Life is a bitch, it strikes at the most unexpected moment. I feel weak just when I need to be strong. Just read Milk Bottle's latest post, and felt the same. Although I don't want to pass my time in unconsciousness; one thing is certain, we will survive, we will thrive.

The senseless ramble surely expresses something, something I don't know how to say yet.

Friday, February 17, 2006

Friday

Another Friday, another weekend; this one is a long one. High temperatures will drop to a little above freezing point, which has precluded the possibility of hiking. Last night when I checked the weather at Adirondack NY for this weekend, I saw -9F as lows, friggin hell. If I could find some company, I probably wouldn't mind being frozen dead in the mountain though.

The gang has been active for as many weekends as my wife's been away. The Eastcoast Gang (TEG) is the largest gang from my college class, so even some hermetic member keeps being absent, there's still a large enough congregation that can only fit in a cargo van.

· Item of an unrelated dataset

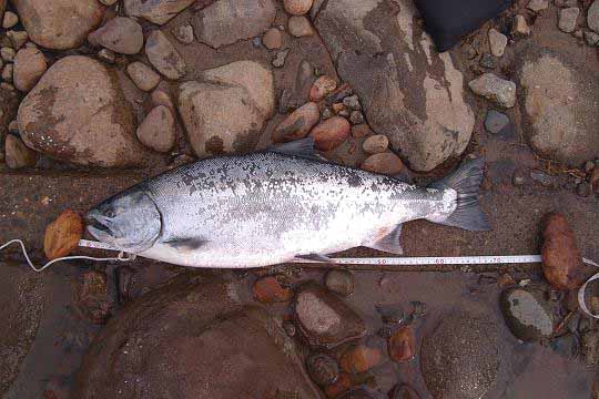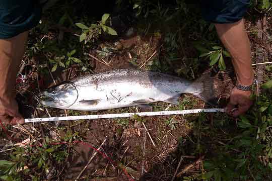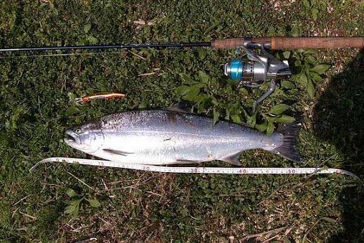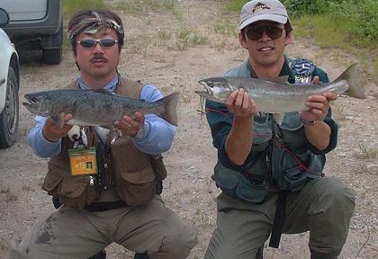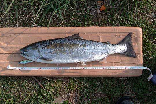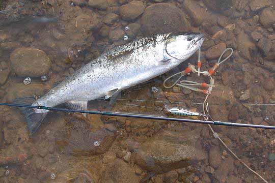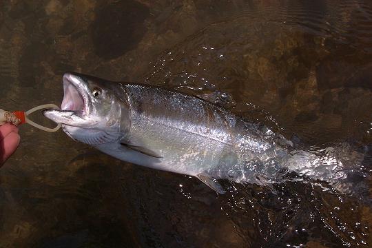 赤川は今日の水量ではまだまだなので、某中小河川に行ってきました。午前中水温が7℃でアタリが渋く、虹鱒28cm20cmにヤマメ26cm〜20cmが3匹、岩魚42cm、36cm、25cmでしたが、午後から先々週サクラマスをバラしているポイントに行くと今日も2匹いるではないですか、1投目チェイスがあり、同行の仲間を呼び、2投目で簡単にヒット!大合わせの後、強引にランディングに入るが以外に引きは強くてドラグを3度引き出した。あまりバシャバシャしたので2匹目は逃げたかなーなんて山っ気を出しながらランディング成功!今期2匹目は52?1.8?♀のフレッシュランでした。ここは同行の仲間が午前中かなり攻めた所だと言うのですが、ヒットした時の水温は13℃になっていたのでシェイキングに一発で反応したようですね。

Life with TEG is hectic, exhausting and fun; although the fun factor has dwindled a little bit when the cold weather has kept us indoors with card/video games for many weekends. When the gang is not in session, I would just make do myself, like today.

It is pretty windy today. As while I'm typing now on a train, I start to worry a little bit about the walk after this ride. It's a 25 min walk from the station to my home, not too far, just enough for me to stretch my crooked bones from sitting all day long when weather is good; it is a different story on rainy/snowy/windy days though. It seems today is still not too bad, I probably will still enjoy this blow. It would be too boring if you have sunshine every day.

I still have some fresh vegetables and frozen shrimps from last weekend in the fridge, will enjoy my cooking again, with a beer. Within maybe 2 hours, I'll be a complete and happy man.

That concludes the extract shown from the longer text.